**Aim of the task**
Nothing but the lines below from the one holding "kleines Weilchen. |" up to and including the one holding "anos e mais." should be copied, exactly and without pictures.

**Data in this exercise**
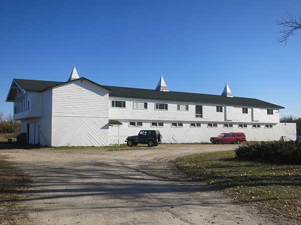 Built in 1963 for businessman Gordon Stanley Carpenter, this two-storey housebarn (attached barn and residential space) along the Assiniboine River, west of Headingley in the Rural Municipality of St. Francois Xavier, featured unusual pyramid-shaped cupolas, with horse stables on its lower level and a four-bedroom accommodation for staff on its upper level. Known as Marshall Brook Farms (named for Marshall Brook Motors, Carpenter’s used-car dealership in Winnipeg), the facility had a lounge and tack shop while property to the immediate east, owned by grain merchant George Sellers, had an indoor riding arena and galloping track. An inaugural horseshow was held at the site on 22 December 1963.
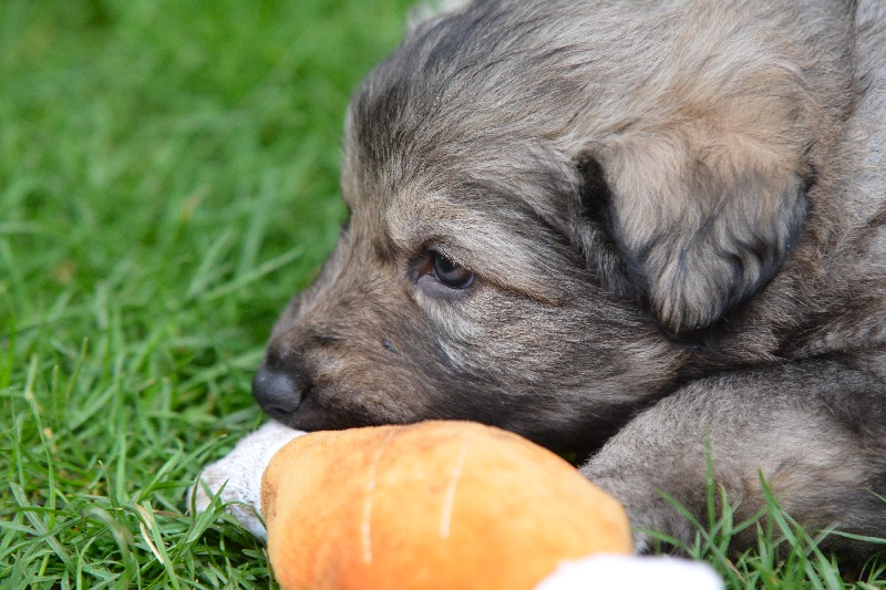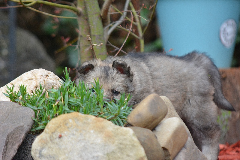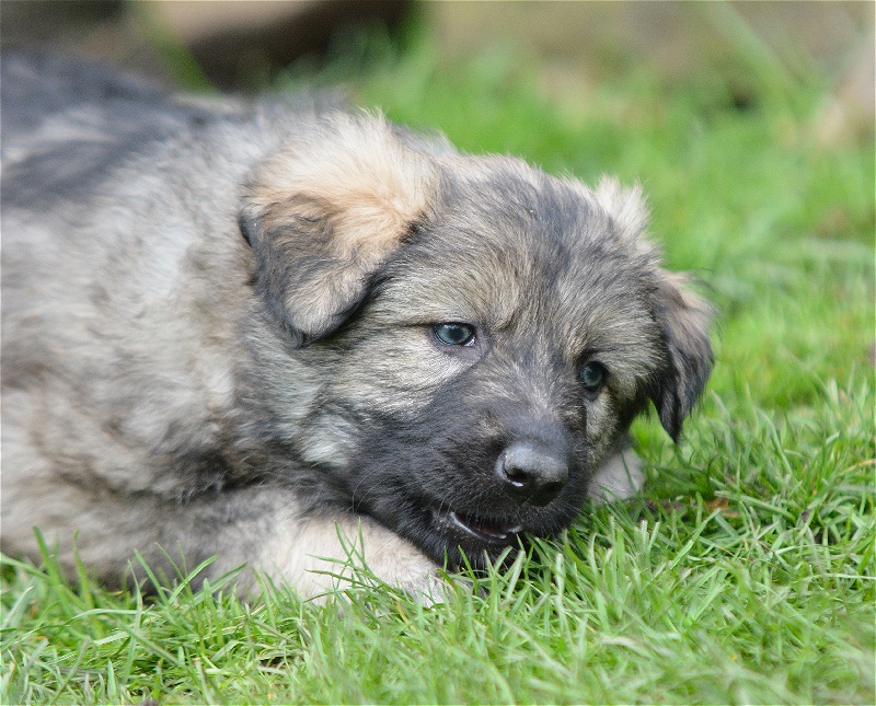 ![]() Zottelchen guckt zu ... Die Welpen haben jetzt schon in ihr wolfsfarbenes Fell gewechselt, bis der erwünschte Wolfsfang richtig zu sehen ist dauert es noch ein kleines Weilchen. |
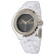A "Olhadeira Branca de Rinestone" das Mulheres apanha os olhos das pessoas. A imagem e o nome Parkour a destacam em relação ao fundo preto. O material do relógio é Bezel metal com cristal, uma face alada, e uma correia da liga Enamel. Este relógio em particular é para 13 anos e mais.
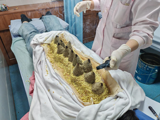 在荷塘鎮(zhèn)衛(wèi)生院中醫(yī)館里,幾張治療床全部客滿。其中,一半以上都是來做姜療的。容女士長時(shí)間待在空調(diào)房,肩膀頸椎倍感不適,慕名前來治療。俯臥在治療床上,容女士脊柱上鋪滿生姜,生姜上的艾絨緩緩燃燒,青煙裊裊升起,溫暖徐徐滲透。第一次嘗試姜療的容女士,對此贊不絕口。
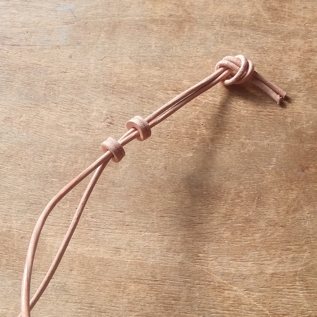 細い牛革紐の長さは約38cm、レザービーズで長さ調整が出来ます。
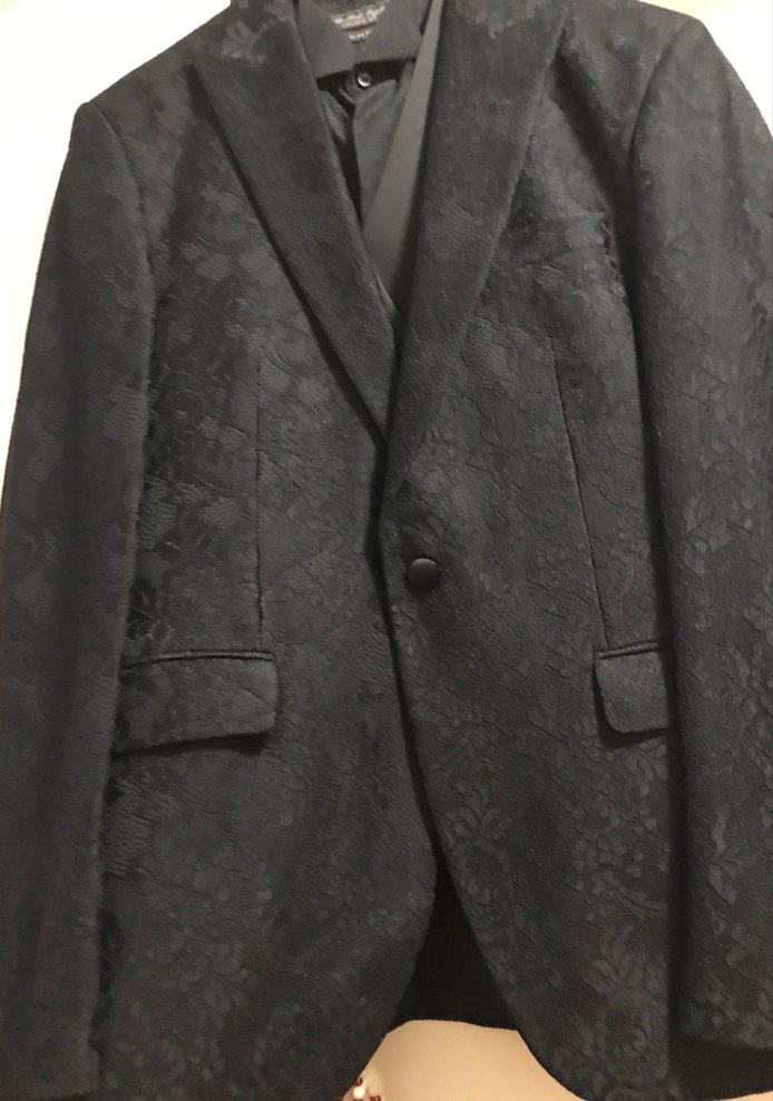 Siyah, düğmeli, klasik kesim erkek takım elbise. Uzun kollu, desenli dokusu ile damatlık yada gala ve özel geceler için uygundur. Abdullah Kığılı marka slim fit 48gömlek yelek ceket pantolon takım
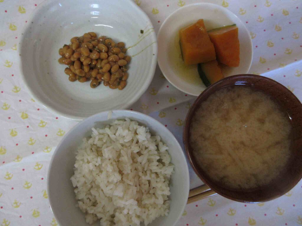 ・麦ごはん ・納豆(のり・白ごま混ぜ) ・もやしのおみそ汁 ・かぼちゃの煮つけ
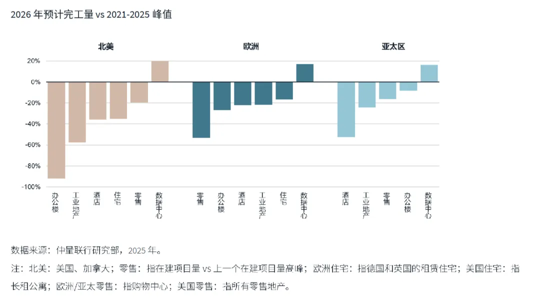 供应端的分化更极端。图2(2026年各类物业供应量对比,2026 vs 2021-2025,研报第3部分)显示,工业及物流地产新增供应较2023年峰值降42%,美国长租公寓开发量下滑超四分之三,成熟市场零售物业供应接近历史最低;但数据中心新增供应逆势增长19%,成为唯一的“供应明星”。反映到市场上,东京、纽约、伦敦等城市优质办公空间“一房难求”,租户要么接受更高租金,要么转向非核心区域。
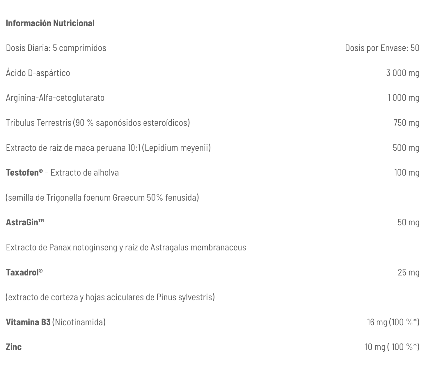 Anabólico natural con ingredientes premium como Zinc, Arginina AKG, Tribulus Terrestris, Maca, Testofen® y AstraGin™, diseñado para apoyar los niveles de testosterona, la vitalidad y el desarrollo muscular.
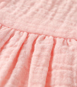 Let your baby bloom in comfort and cuteness with our Peach Blush Crinkled Muslin Sleeveless Frock, crafted from premium double-layered muslin cotton for ultimate softness. The frock’s light crinkled texture gives it a naturally breezy feel, making it perfect for warm weather and everyday play.
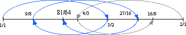 Each mode is shown below in notation with ratios and wedges showing halfsteps. The modes are presented as above, in fifths order, first moving away from the center D to the rightmost extreme B, increasing the number of tones which are lower in relation to the tonic, and then returning to the center D and moving to the leftmost extreme F, increasing the number of tones which are higher in relation to the tonic. Dorian tones and tones of other modes which differ from those of Dorian are shaded.
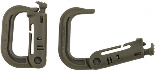 Set dveh karabinov. Zahvaljujoč strukturirani površini na odpiralnem zatiču, je uporaba preprosta tudi z rokavicami ali mokrimi rokami. Primerna za namestitev na molle zanke.

**Result below**
 ![]() Zottelchen guckt zu ... Die Welpen haben jetzt schon in ihr wolfsfarbenes Fell gewechselt, bis der erwünschte Wolfsfang richtig zu sehen ist dauert es noch ein kleines Weilchen. |
A "Olhadeira Branca de Rinestone" das Mulheres apanha os olhos das pessoas. A imagem e o nome Parkour a destacam em relação ao fundo preto. O material do relógio é Bezel metal com cristal, uma face alada, e uma correia da liga Enamel. Este relógio em particular é para 13 anos e mais.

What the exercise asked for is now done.